I've always been a storyteller. I remember times in my childhood, when the cousins would gather around and insist that I tell them stories. We sat on the stairs and I made up tales that kept them enthralled. The parents didn't mind, as long as I didn't tell anything too intense for the smaller kids. I was less than ten years old; I didn't know anything that intense.
In junior high school, I began reading more. The fact that people could be published for these stories fascinated me. It didn't matter. I needed to get my head out of the clouds. Still, when my friends engaged in role playing games, they wanted me to create the scenarios. Mine were more complex and inventive.
Then I got older. No college for me; I had work to do. It was real work, not that fanciful stuff. I still have notebooks from those days. The stories were interesting, but the writing style was poor. It really needed work.

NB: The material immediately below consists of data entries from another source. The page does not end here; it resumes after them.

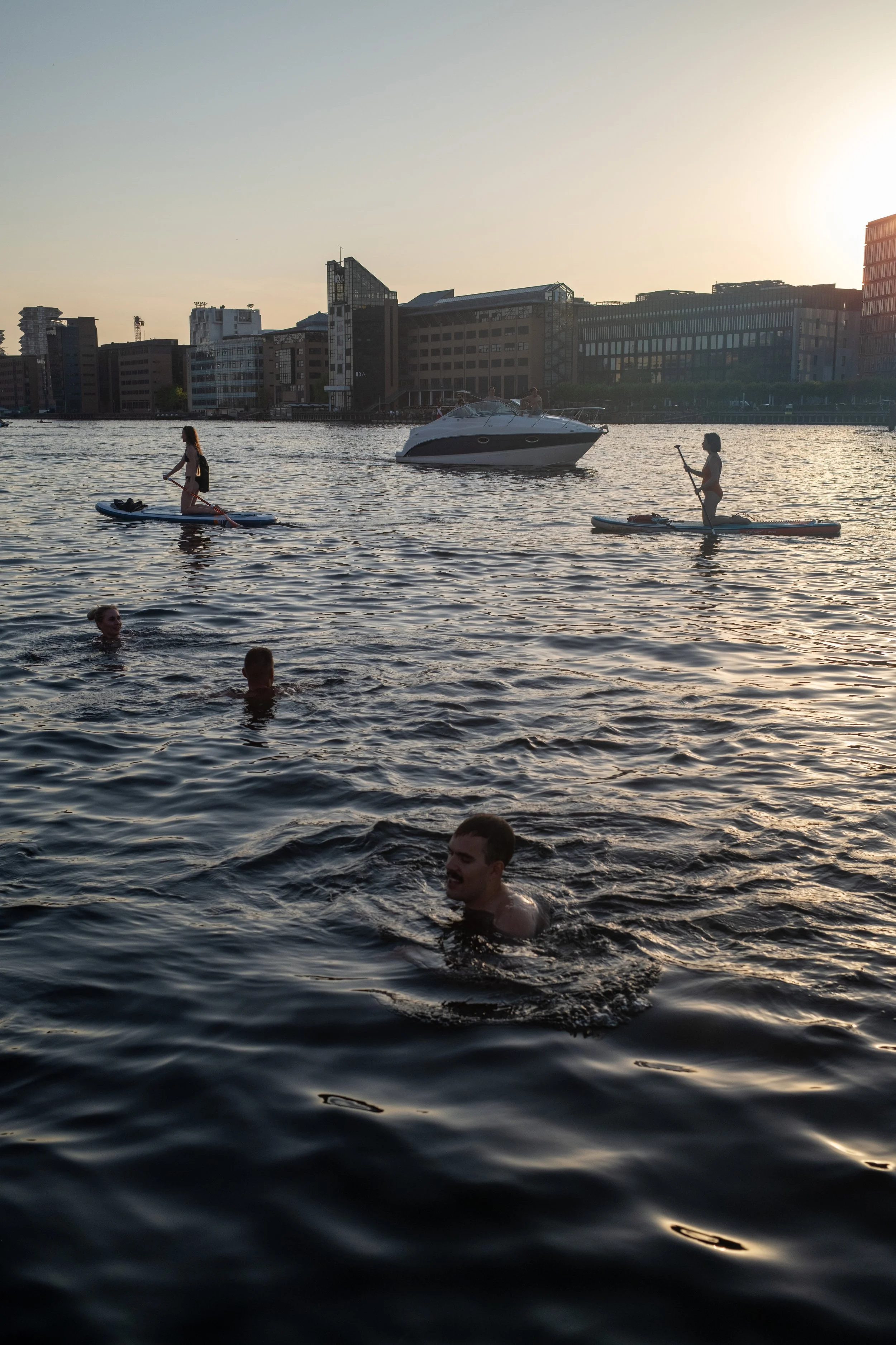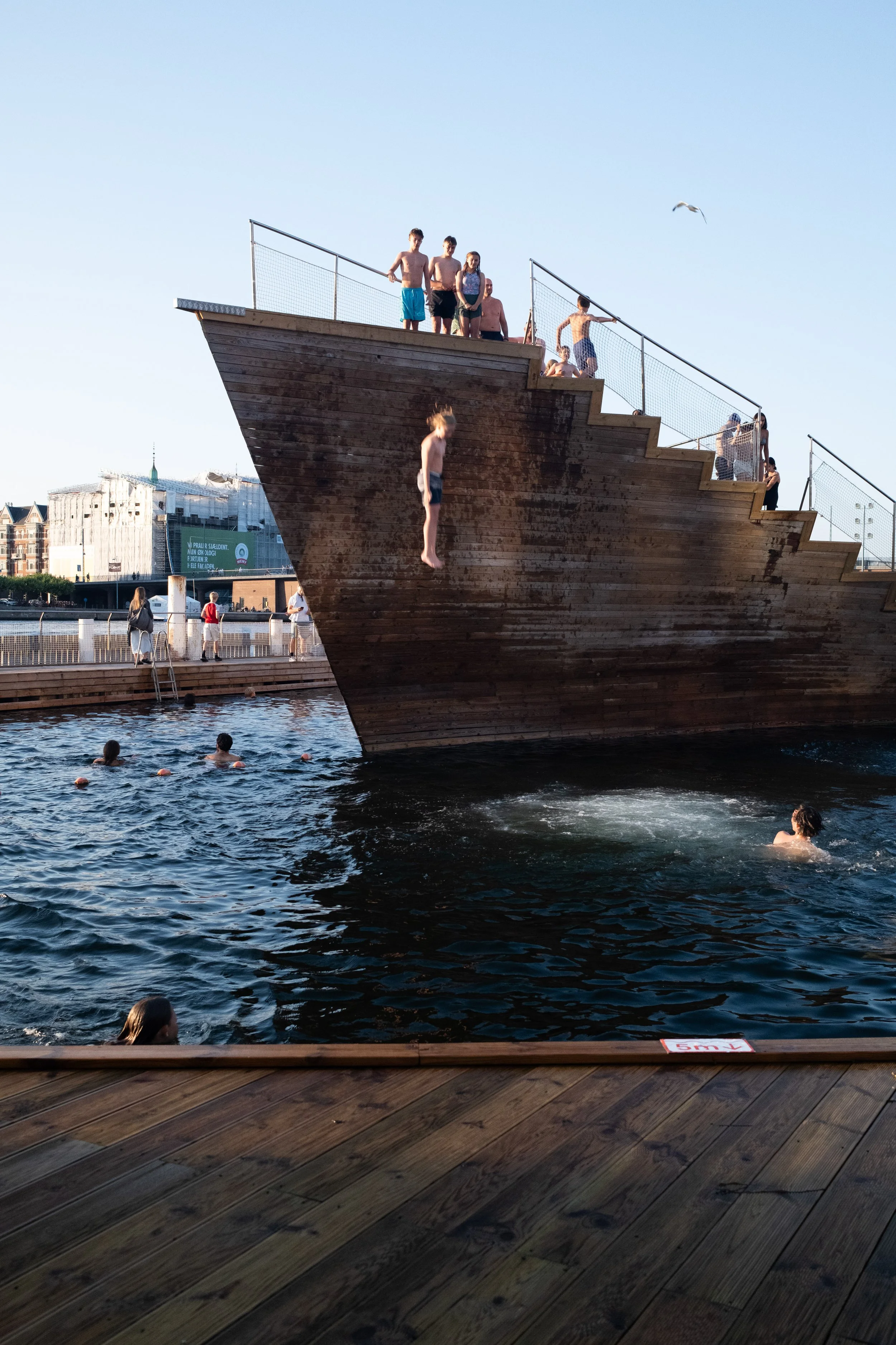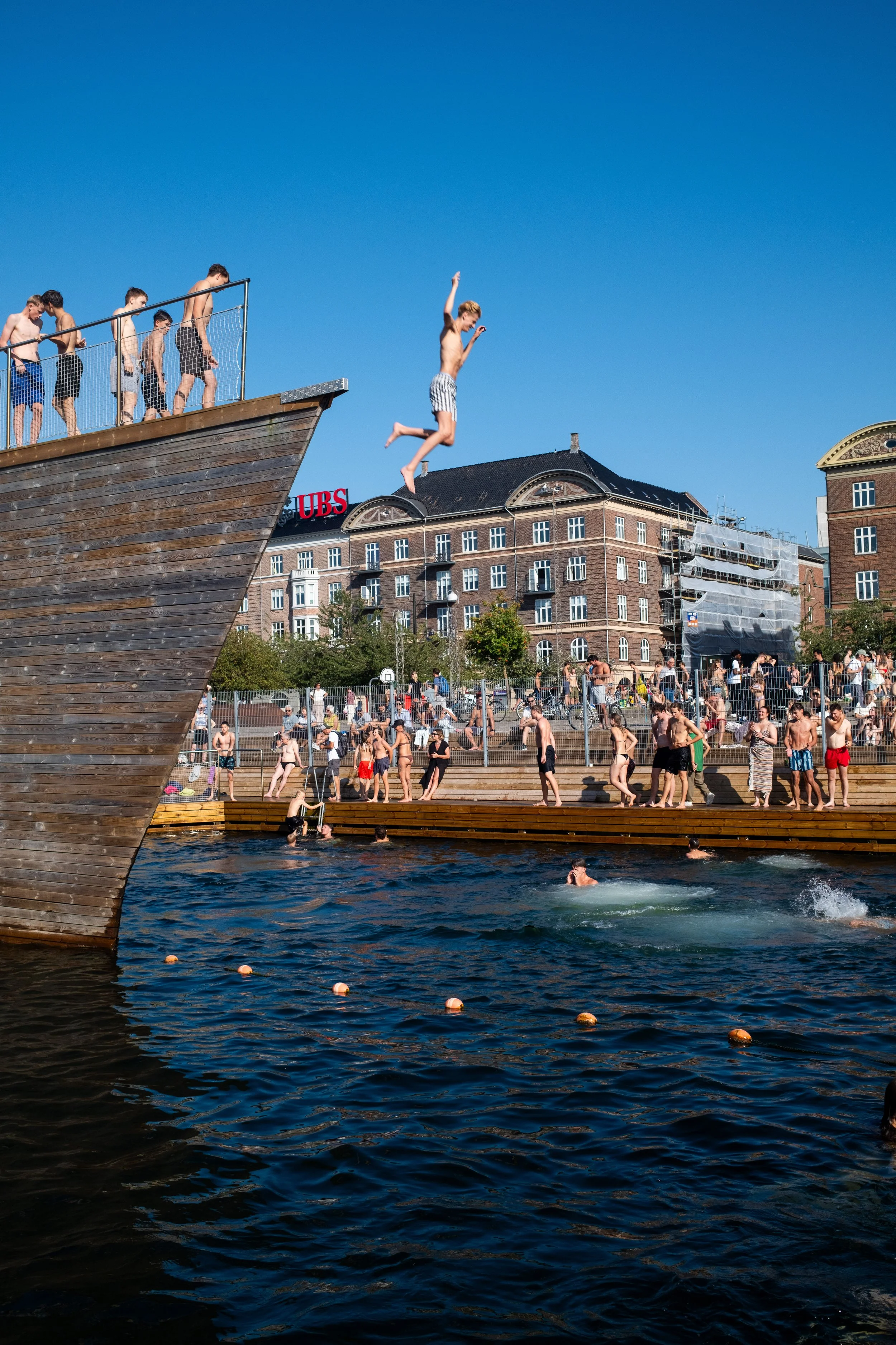 SchwimmenIm Sommer ist das Wasser im Kopenhagener Becken maximal 22 Grad warm. Die Luft ist häufig kälter, nicht zu vergessen der Wind. Wenn der mal nicht weht ist es fast keine Mutprobe mehr einen Kopfsprung zu machen.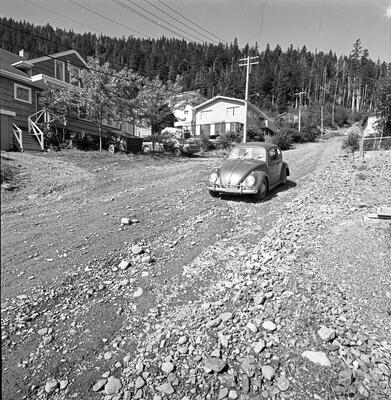 [cemetery with Christian crosses, road at right, mountain in distance, Adak?]
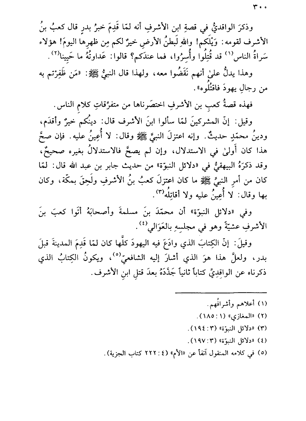 وقيل: إن الكتاب الذي وادع فيه اليهود كلها كان لما قدم المدينة قبل بدر، ولعل هذا هو الذي أشار إليه الشافعي، ويكون الكتاب الذي ذكرناه عن الواقدي كتابًا ثانيًا جدده بعد قتل ابن الأشرف.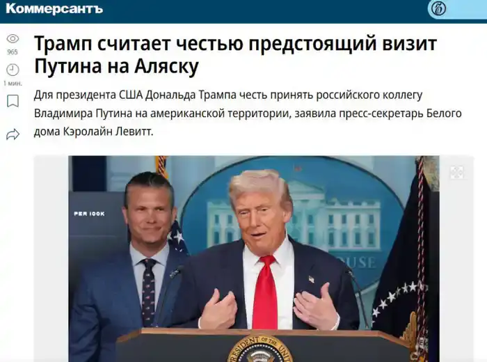 Со ссылкой на Белый дом передают сообщения о том, что Трамп считает честью визит Путина на Аляску.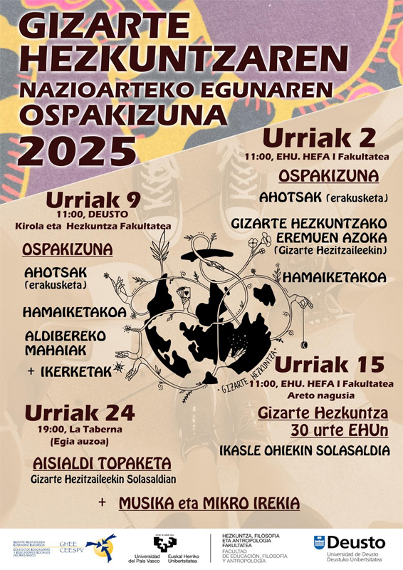Ospa dezagun Gizarte Hezkuntzaren Nazioarteko Eguna Gipuzkoan! - Antolatzaileak: UPV/EHU, Deustuko Unibertsitatea eta CEESPV.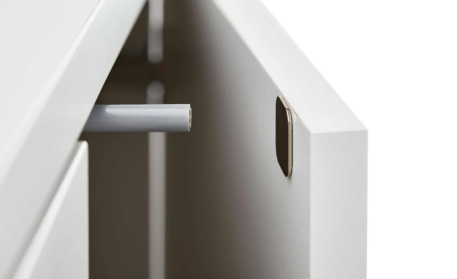- Mehr zum Material: Farbe Füße: Weiß, Oberfläche der Absetzung: Kunststoff Folie (Eiche sägerau Nachbildung)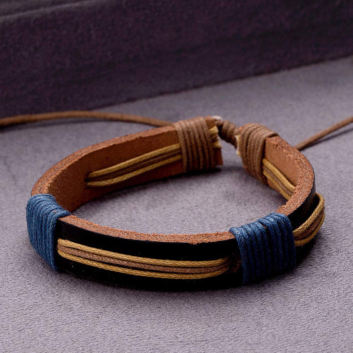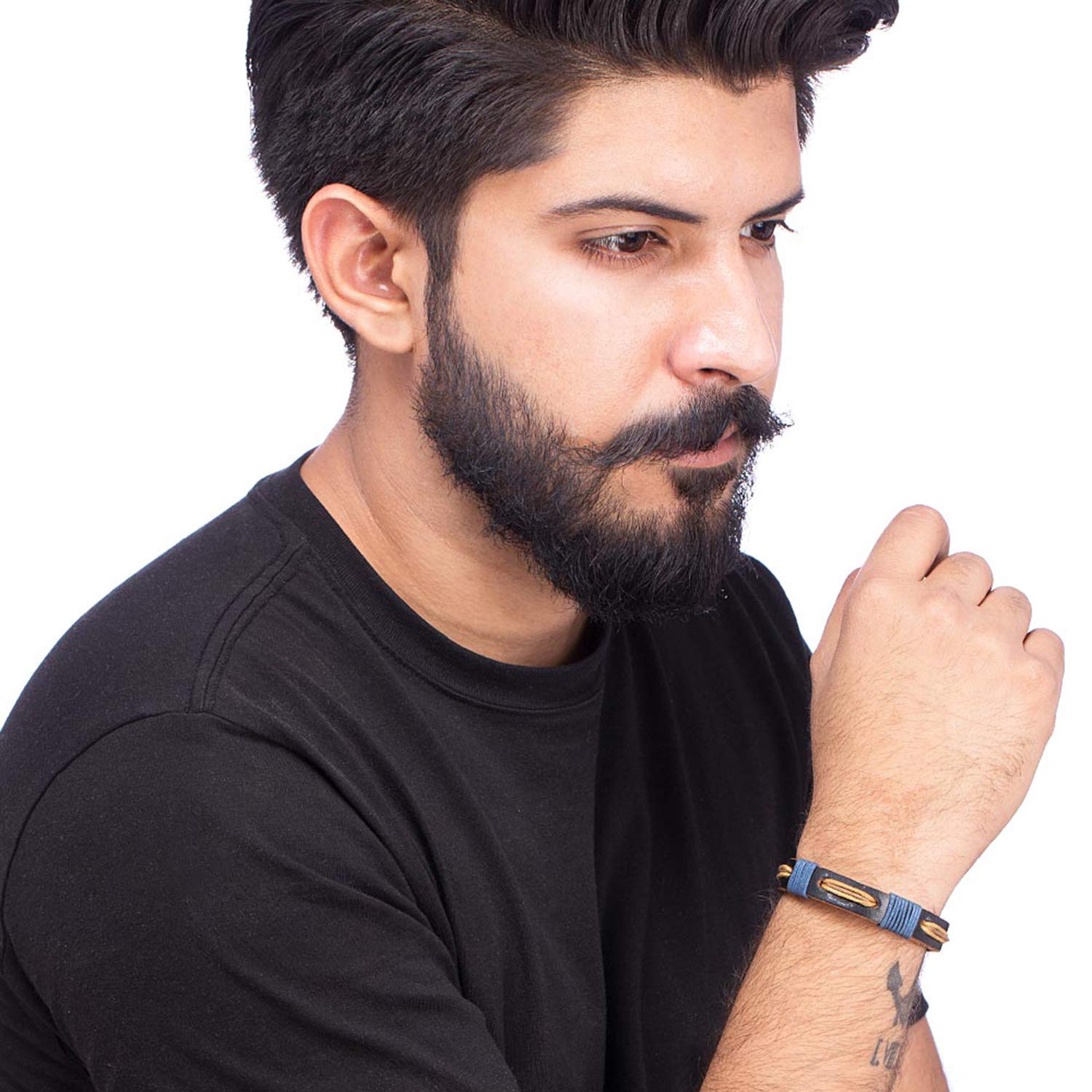 The Accessory: This black leather blue wrap boho bracelet is from our cool stacked collection. How to Wear it: Pair the bracelet with a casual t-shirt and rugged denim. Own the Part: Perfect everyday formal wear! To make your accessories last longer avoid harsh chemicals and moisture. Keep dry, clean with dry cloth and wear with panache. "From the Dare by Voylla, India's largest fashion jewelry brand comes DARE, a line of handcrafted accessories for the modern Indian man. |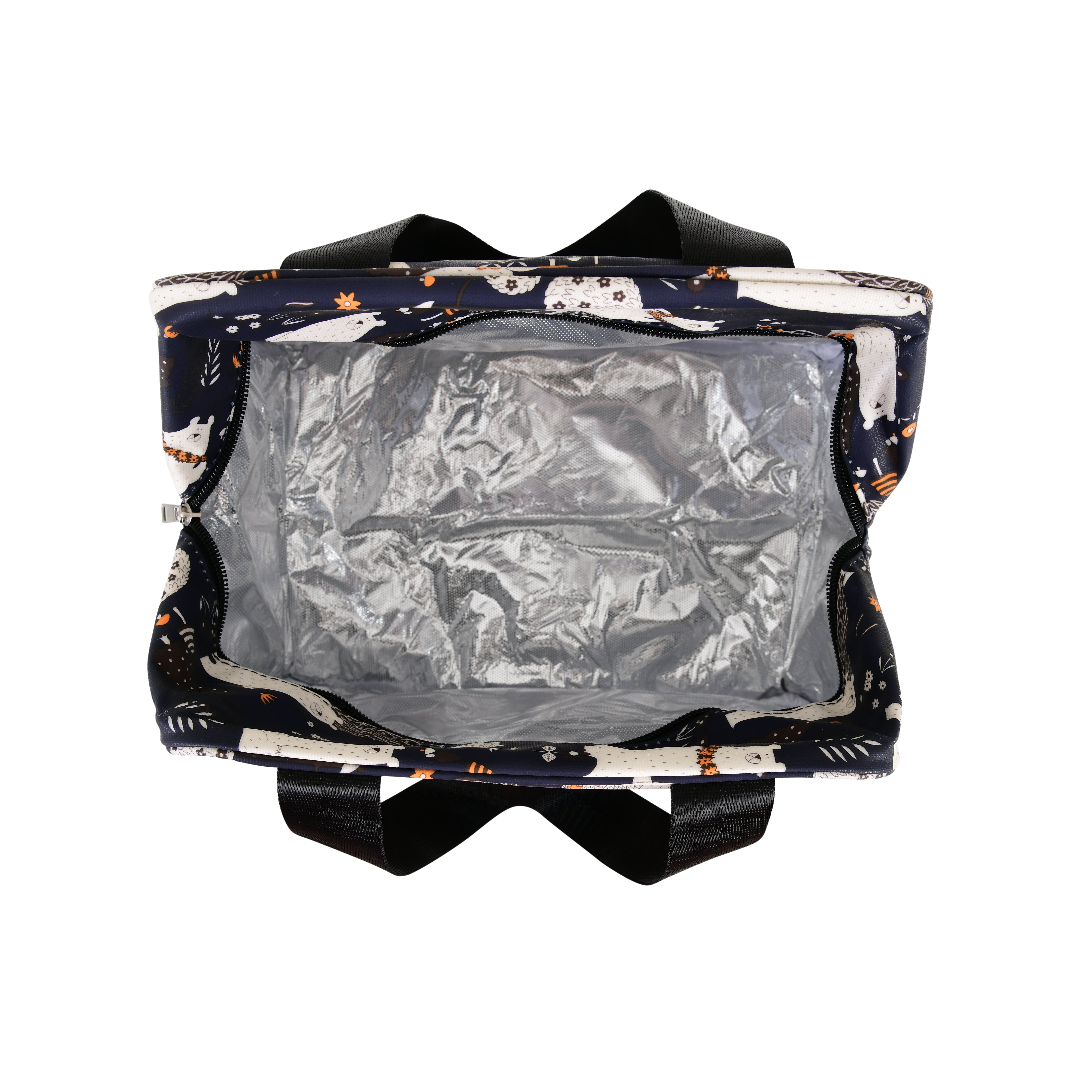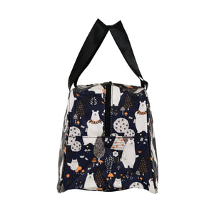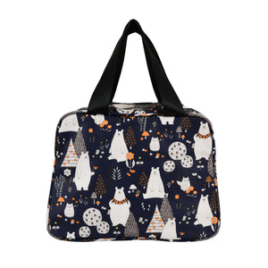 Description: Make lunchtime fun and stylish with this Navy Blue Polar Bear Thermal Insulated Lunch Bag. Featuring an all-over print of cute polar bears, trees, and florals in shades of white, orange, and brown on a navy blue base, this bag blends charm with practicality—perfect for both kids and adults.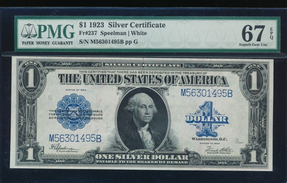 One 1923 $1 Silver Certificate PMG 67EPQ.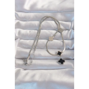 316L Çelik Gümüş Renk İtalyan Zincirli Mineli Yonca Kolye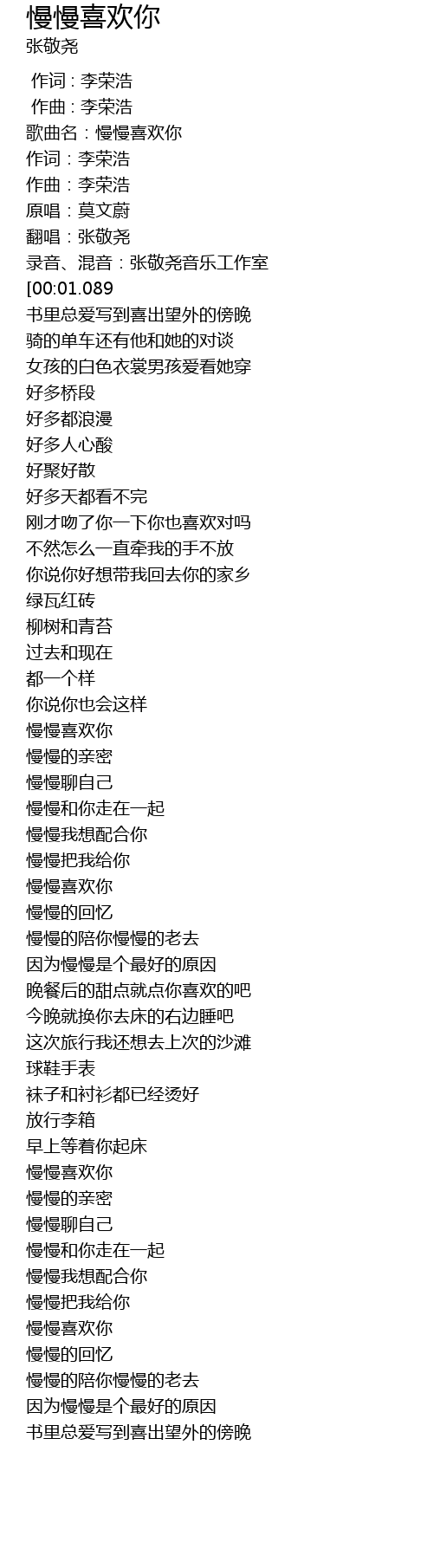 | [00:00.000] | 歌曲名:慢慢喜欢你 |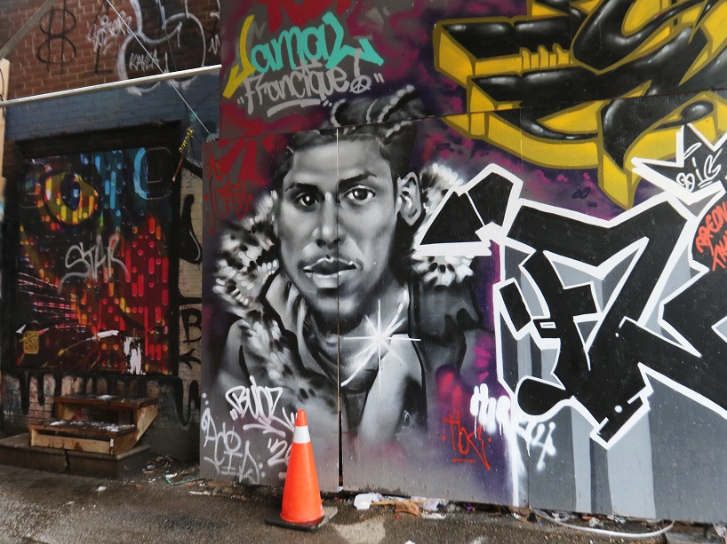This mural, by Bubzlitto Brigante, also in Toronto’s Graffiti Alley, pays tribute to Jamal Francique of Mississauga, Ontario.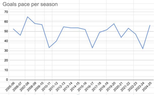 Ovi’s next two seasons were great, as he scored 50 in 2021-22, and then 42 in 2022-23, though his per-game average was 47 that season.

Eventually, I joined my first writers' group. It took years before I could write very well. My stories were often technically correct, but the readers could not relate to them. Then there came a breakthrough. The group discussed how all of these Great Authors all had various forms of depression. Then they talked about how all of members also had some form of depression or other. I was the exception, since I tended toward the other end.
That night at home I immediately attempted to think depressing thoughts. It was tough. Every time I started to feel completely bummed, I would get excited about it. It didn't take long till I gave up on that. I decided to write a short story in first person where the character was depressed and I would just have to fake it. It was the best received of any of my stories. People could relate and I had learned a valuable lesson.
It didn't matter, of course. I still had real work to do and could not be wasting time on the writing nonsense. That thought was still dogging me, as it does to this day. Long periods of time will go by where I grind away at my "real work" and my writing goes undone. The stress builds until I finally realize the problem. A few hours at the keyboard or scribbling in my notebook and the stress is gone. I am a writer by nature.
Now I'm trying to train myself to see writing as real work, to overcome that negative image placed in my mind so long ago. It's nothing for me to put down thousands of words a day or to create large and complex worlds, when I take the time to do it. I need to channel that into something productive and, hopefully, something that can pay the bills. Time passes and leaves age in its wake. I really need to do something with this writing thing before I have a wake of my own.